ML basics A program is a sequence of bindings One kind of binding is a variable binding val x = e ; (semicolon optional in a file) A program is evaluated by evaluating the bindings in order A variable binding is evaluated by: Evaluating the expression in the environment created by the previous bindings. This produces a value. Extending the (top-level) environment to bind the variable to the value. Examples of values: 13, 4.8, true, “hello”, [3, 4, 5], (8, 8.2)

Critical language concepts Expressions have a syntax (written form) E.g.: A constant integer is written as a digit-sequence E.g.: Addition expression is written e1 + e2 Expressions have types given their context E.g.: In any context, an integer has type int E.g.: If e1 and e2 have type int in the current context, then e1+e2 has type int Expressions evaluate to values given their environment E.g.: In any environment, an integer evaluates to itself E.g.: If e1 and e2 evaluate to c1 and c2 in the current environment, then e1+e2 evaluates to the sum of c1 and c2

Function definitions A second kind of binding is for functions (like Java methods without fields, classes, statements, ...) Syntax: fun x0 (x1 : t1, ..., xn : tn) = e Typing rules: Context for e is (the function’s context extended with) x1:t1, ..., xn:tn and : x0 : (t1 * ... * tn) -> t where : e has type t in this context (This “definition” is circular because functions can call themselves and the type-checker “guessed” t.) (It turns out in ML there is always a “best guess” and the type-checker can always “make that guess”.)

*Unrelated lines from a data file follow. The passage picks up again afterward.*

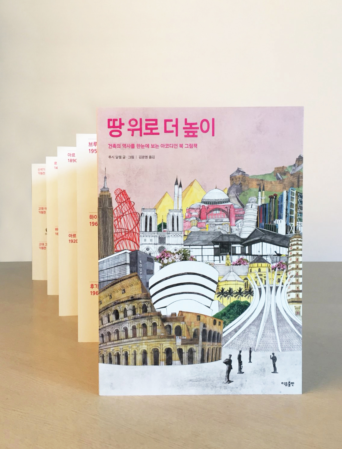 《땅 위로 더 높이》는 인류가 정착 생활을 시작한 신석기 시대부터 오늘날까지 건축의 역사가 한 폭의 파노라마처럼 펼쳐지는 환상적인 그림책이다. 영국의 일러스트레이터 루시 달젤은 탁월한 구성력과 돋보이는 드로잉으로 1만 년이 넘는 건축사를 하나의 화폭 안에 담아 인류 문명의 드라마를 압축적으로 보여 준다. 병풍형식의 제본 방식을 활용해 인류사의 대표적인 건축물들을 시대순으로 볼 수 있으며, 개별 건축물에 대한 정보는 물론 인류 문화사를 관통하는 건축 사상의 흐름과 시대별 분위기를 파악할 수 있다. 뒷면에는 각 시대별 건축 양식에 대한 작가의 글을 담았는데 시대를 넘나드는 생동감 넘치는 해설과 알찬 내용이 독자의 이해를 돕는다. 폭넓은 독자층을 배려한 이 아코디언 북은 감각적인 일러스트레이션과 실속 있는 정보가 특별한 형식에 담긴 건축 역사의 가족 앨범이라 할 수 있다.
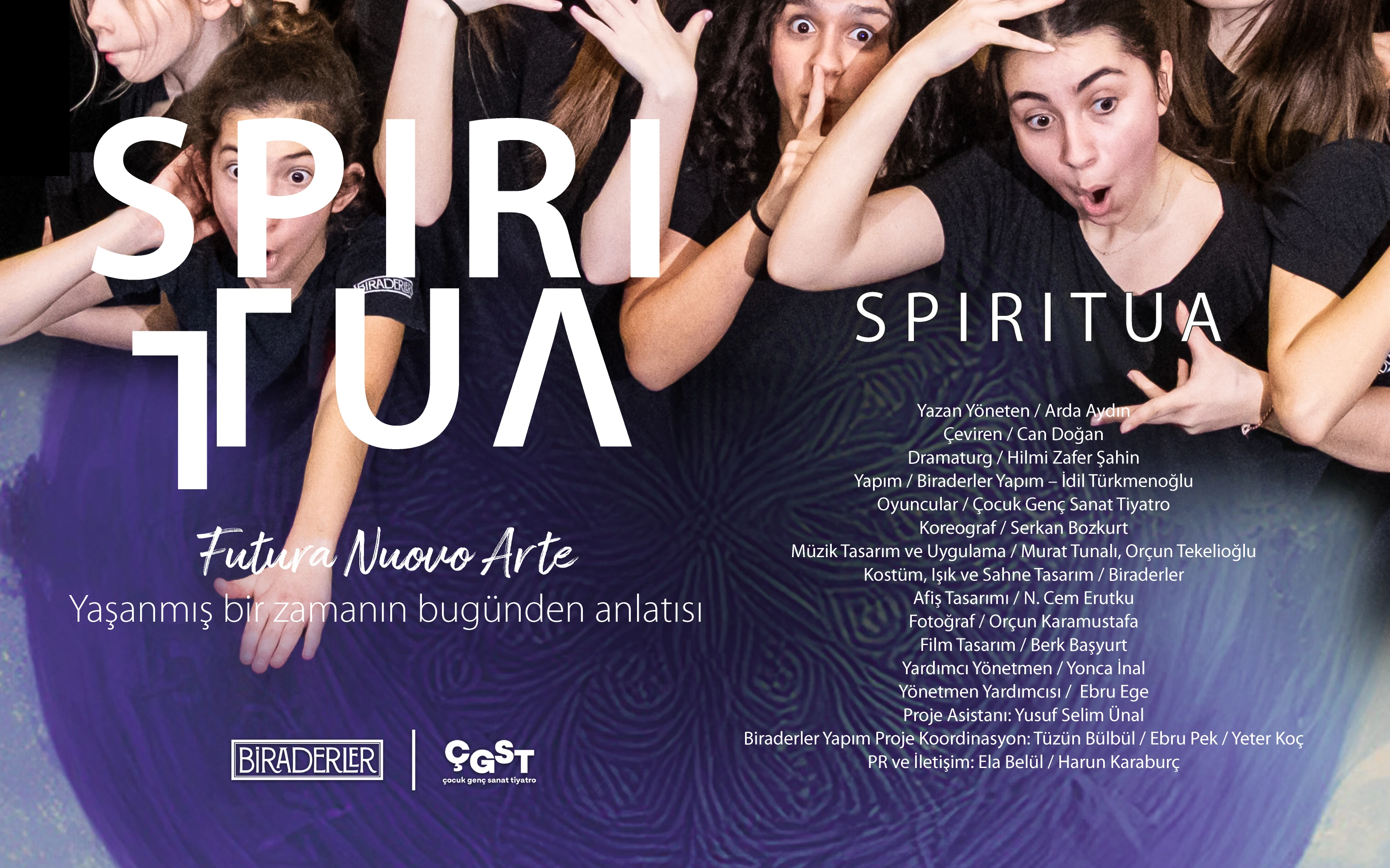 William Shakespeare’in tiyatro literatürünü adeta tanımlayan beş tragedyasını, Hamlet, Macbeth, Othello, Kral Lear ve 3. Richard oyunlarının hikayelerini 45 çocuk ve gencin ağzından duyuyoruz. Truva Savaşı’nı bu kocaman ekipten dinliyoruz. Savaşın yıkıcılığını, insan tarihinin dönüm noktalarını onların dansları ve muhteşem koreografilerle izliyoruz. Çok sevilen popüler şarkıların eşliğinde olağanüstü hareketli sahne koreografisini izlerken bir yandan Barış Manço\’nun Dönence ’sini 45 kişilik korodan, onların yorumuyla dinliyoruz. Kısacası adeta alev almış bir sahnede, sahnelemenin yeni neslini seyirciye sunuyoruz. Spiritua ile yepyeni bir sahneleme biçiminin ruhunu yeni nesille beraber seyirciye ve Türk Tiyatrosu’na üflüyoruz. Spiritua, çocuk ve gençlerin sınırları yıkmasının hikayesi…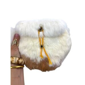 1960's handmade rabbit fur purse, Gold anchor button with string closure. Fully lined in red leather. 9” x 8.5”.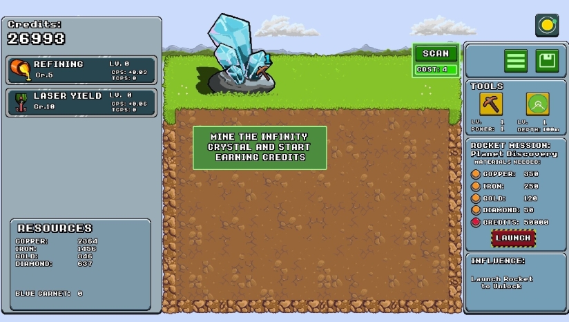 在《Exofinity Clicker》中探索新世界,开采传奇的无限水晶(Infinity Crystal)并赚取积分吧!点击以提取稀有宇宙矿物,升级您的建筑,扩大您的影响力,从一个小哨所发展成为一个跨行星的强大帝国。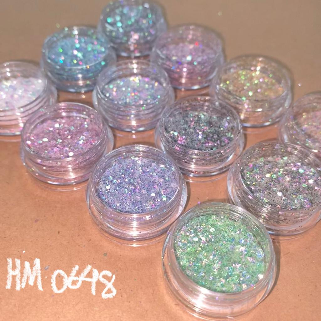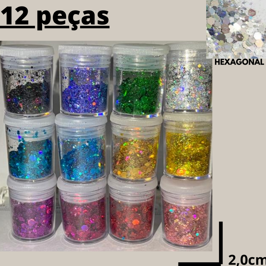 Kit 12 Glitters flocados hexagonais holografico para decoração artesanato resina epóxi nail art unhas carnaval maquiagem glitter flocado hexagonal brilho shine gliter lantejoula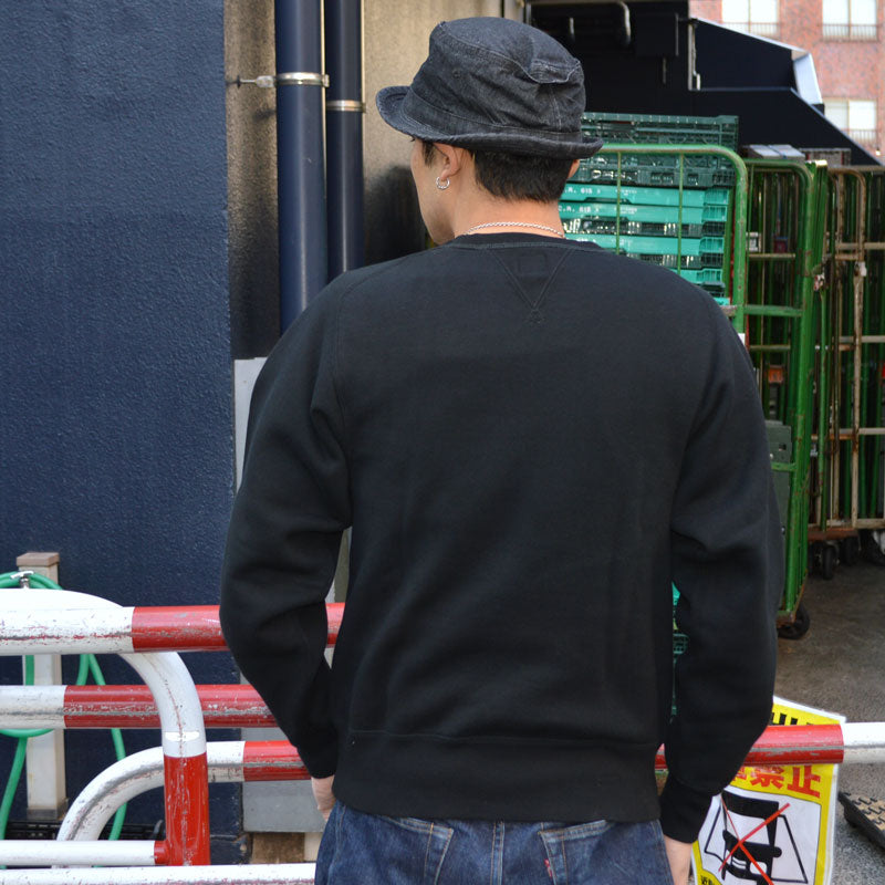 It appeared in the 1970s during the transition from hanging knitting machines to innovative knitting machines, and because it is knitted slowly, there are few of them in existence. As a result, you can enjoy the uneven surface and fluffy texture. In the case of round brushing, it takes four times more effort than normal brushing to evenly brush four sides according to the flat surface. Brushing before dyeing brings out the unique texture of the material. Most of the sewing is done with a double needle, and the cuffs are made of circular knit ribbing. The cuff ribbing is ribbed in one go from the double needle sewing under the armpits, faithfully reproducing the vintage sewing method. This sweatshirt is a piece that allows you to enjoy the unique texture and details of the time.
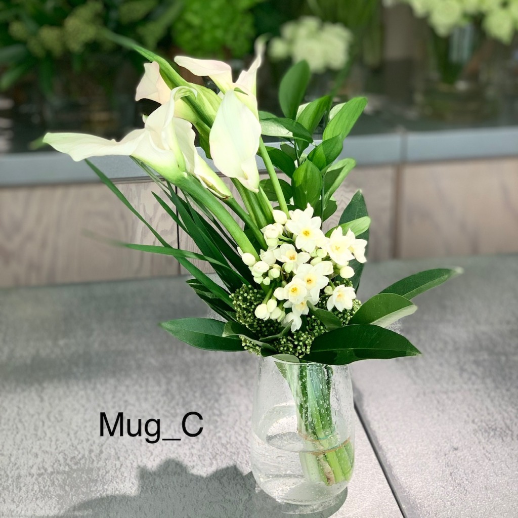 春を感じるマグブーケCです。この時期、抜群に長生きするカラーと香り良い猫水仙にスキミアとルスカスをあわせました。猫水仙は一年に一度だけ入荷するお花で、普通の水仙はお花の中心が黄色ですが猫水栓はおしべ意外、純白です。10本入れているので数本抜いて一輪挿しに飾って下さい。

Function applications (aka calls) Syntax: e0 (e1,...,en) (parens optional for one argument) Typing rules (all in the application’s context): e0 must have some type (t1 * ... * tn) -> t ei must have type ti (for i=1, ..., i=n) e0 (e1,...,en) has type t Evaluation rules: e0 evaluates to a function f in the application’s environment ei evaluates to value vi in the application’s environment result is f ’s body evaluated in an environment extended to bind xi to vi (for i=1, ..., i=n). (“an environment” is actually the environment where f was defined)

Let bindings Motivation: Functions without local variables can be poor style and/or really inefficient. Syntax: let b1 b2 ... bn in e end where each bi is a binding. Typing rules: Type-check each bi and e in context including previous bindings. Type of whole expression is type of e. Evaluation rules: Evaluate each bi and e in environment including previous bindings. Value of whole expression is result of evaluating e. Elegant design worth repeating: Let-expressions can appear anywhere an expression can. Let-expressions can have any kind of binding. Local functions can refer to any bindings in scope. Better style than passing around unchanging arguments.